Among Utah Republicans, who hold every statewide elected office and more than two-thirds of the State Legislature, Hamlet-like quests for purpose and direction are hardly the norm.
But the norms are dead for Republicans here, something that was in plain view this week as lawmakers overhauled the state's formerly untouchable liquor law at the urging of Gov. Jon Huntsman Jr.
The debate was about scrapping the state's one-of-a-kind system of regulating bars and restaurants in a bid to boost the economy. But bound up in it was a profound, ongoing dialog, led by Mr. Huntsman, about what the Republican Party should be about and who should lead it.
The antiquated alcohol laws of one uniquely religious, sparsely populated state is an awfully slender thread from which to spin a philosophical discussion of the Republican Party's identity, isn't it?
Besides, the Republican-dominated Utah legislature passed the bill. Liquor law puritanism is not an exclusively conservative trait: One of the most liberal states, New York, had a law strictly limiting interstate wine sales until the Supreme Court overturned the law in 2006.

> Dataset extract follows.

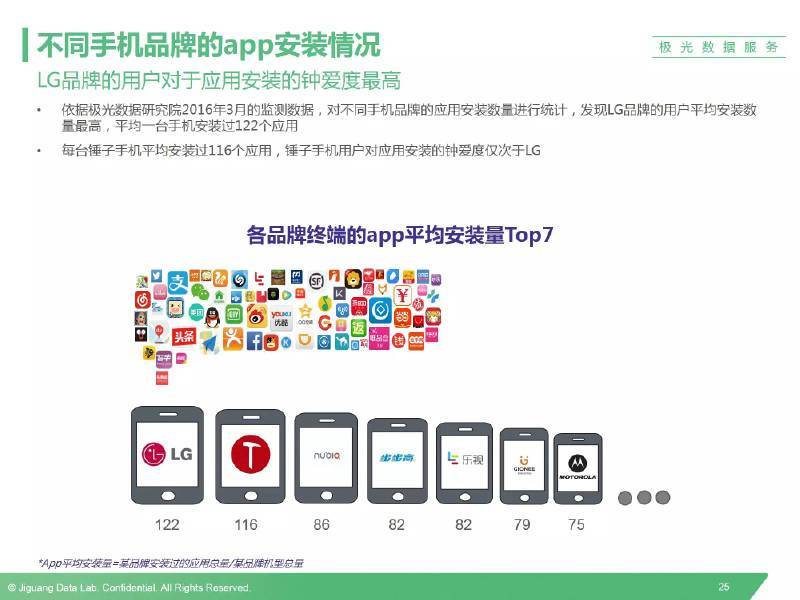 •依据极光数据研究院2016年3月的监测数据,对不同手机品牌的应用安装数量进行统计,发现LG品牌的用户平均安装数量最高,平均一台手机安装过122个应用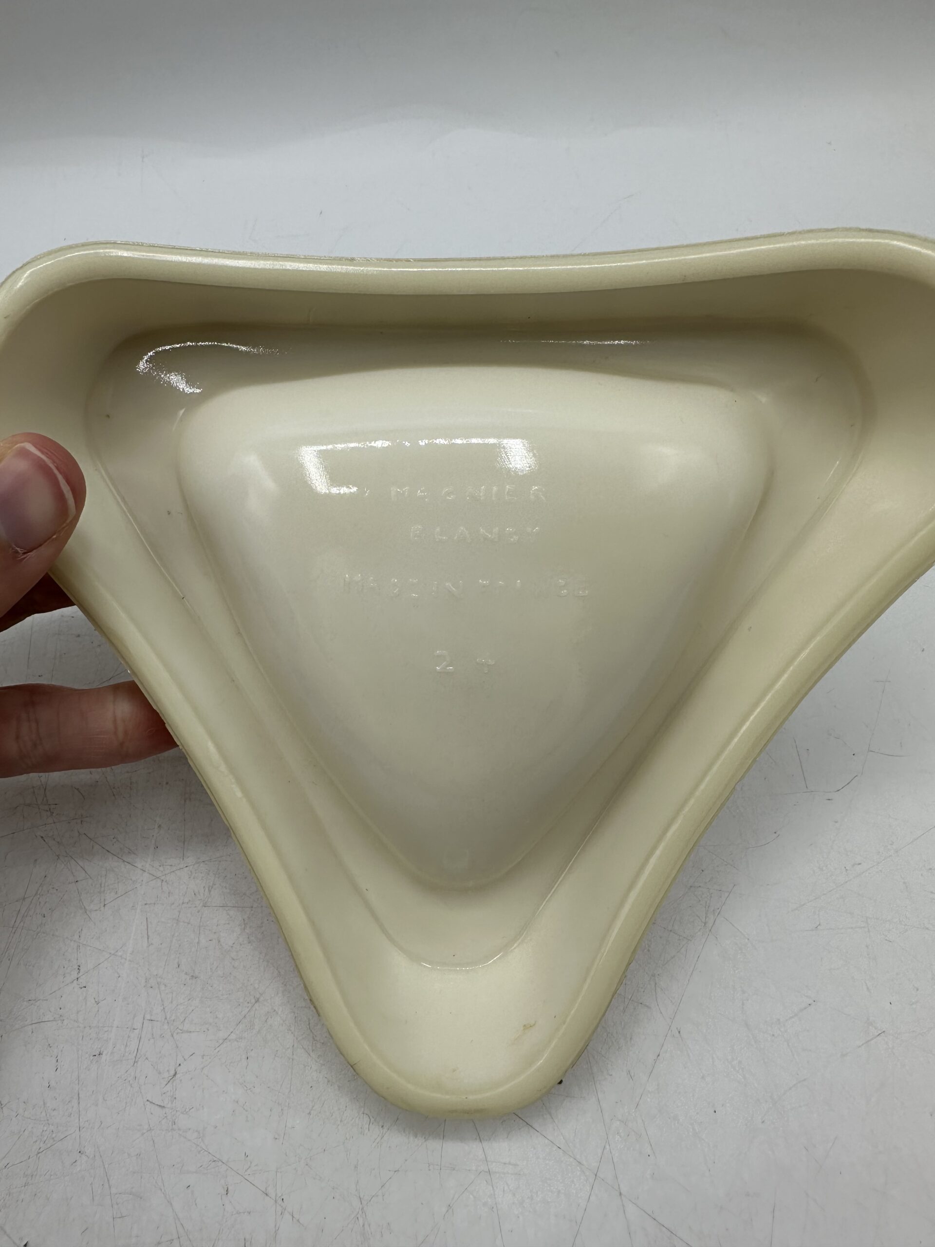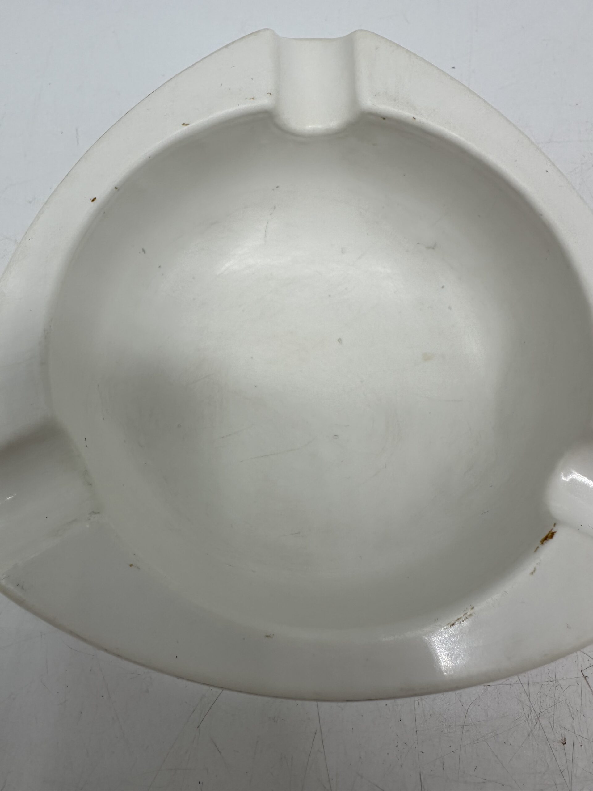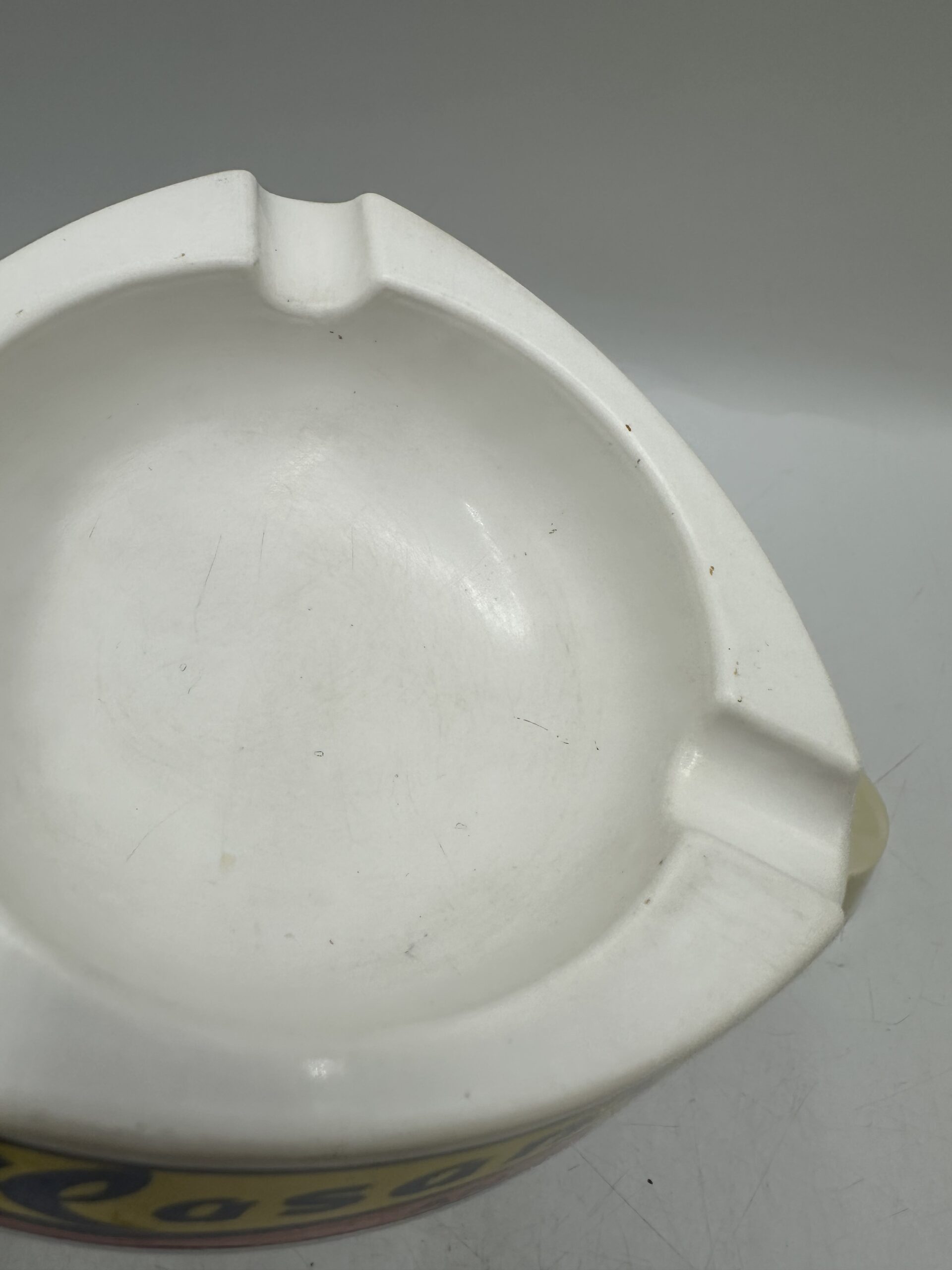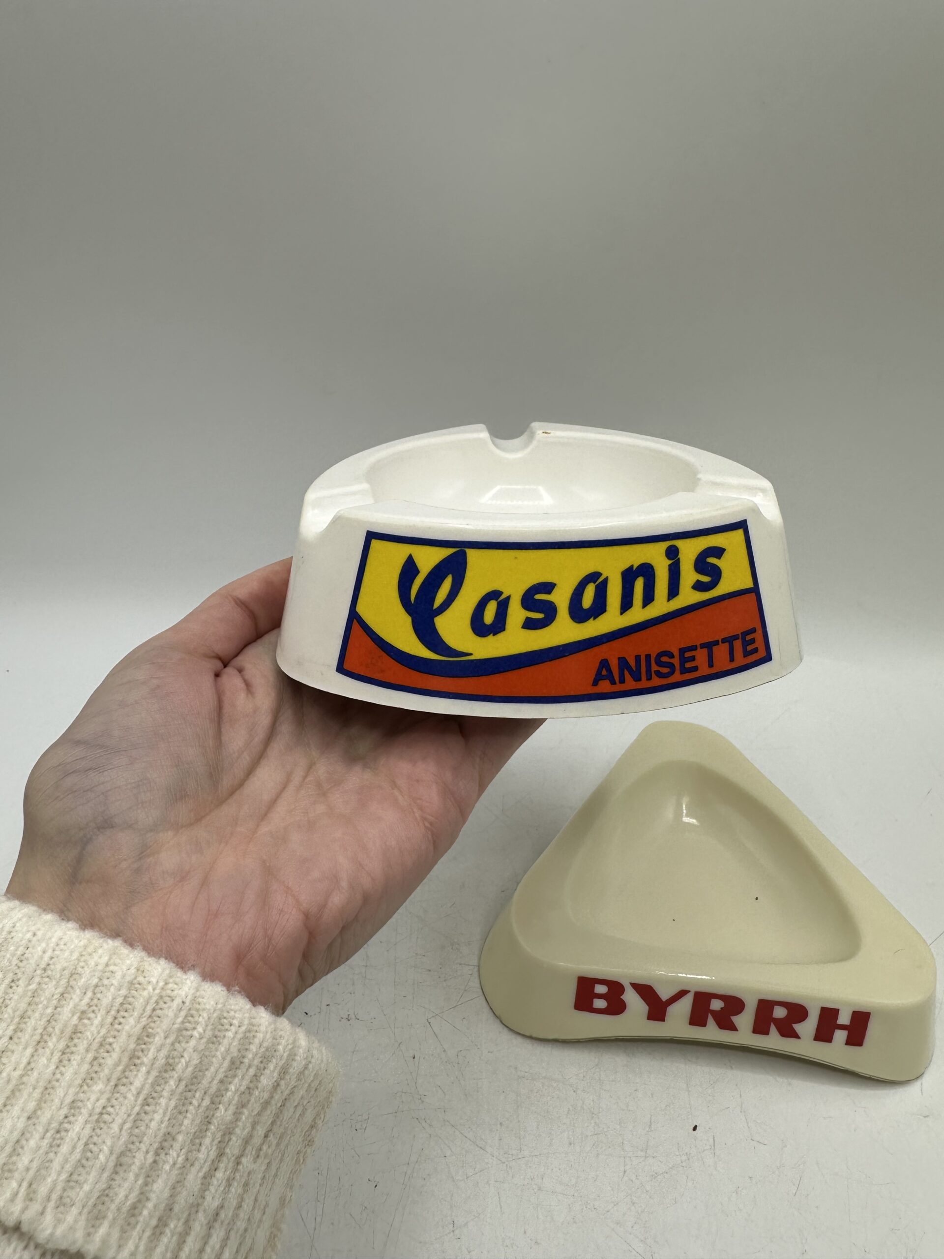 Le premier cendrier est un cendrier Casanis anisette. De forme triangulaire arrondi, il y a 3 logos jaune et orange avec l’écriture Casanis Anisette.

The undercurrent of the story, as channeled through Gov. Huntsman: The GOP must moderate or perish:
The soul-searching has also meant a star search for national party leaders. Some Republicans say that conservative politicians like Gov. Sarah Palin of Alaska, the party's vice-presidential nominee in November, will show the way forward, while others say the electoral map -- and the formula for future Republican victories -- was rewritten by President Obama's election, and that a kind of casting call is now under way for new voices. Mr. Huntsman is firmly in the camp that says Republicans must turn the page....Mr. Huntsman's moderate views often put him out of step in his first term -- and sometimes made him ineffective as well -- with the deeply conservative Republican majorities in the State House and Senate. But in the last six months, Mr. Huntsman has honed those differences to rapier sharpness as conservatives linked to the policies of former President George W. Bush have gone on the defensive....But there are hints that Mr. Huntsman's message of moderation, especially given his popularity in the state, is resonating beyond the Legislature and drawing support among the broader population.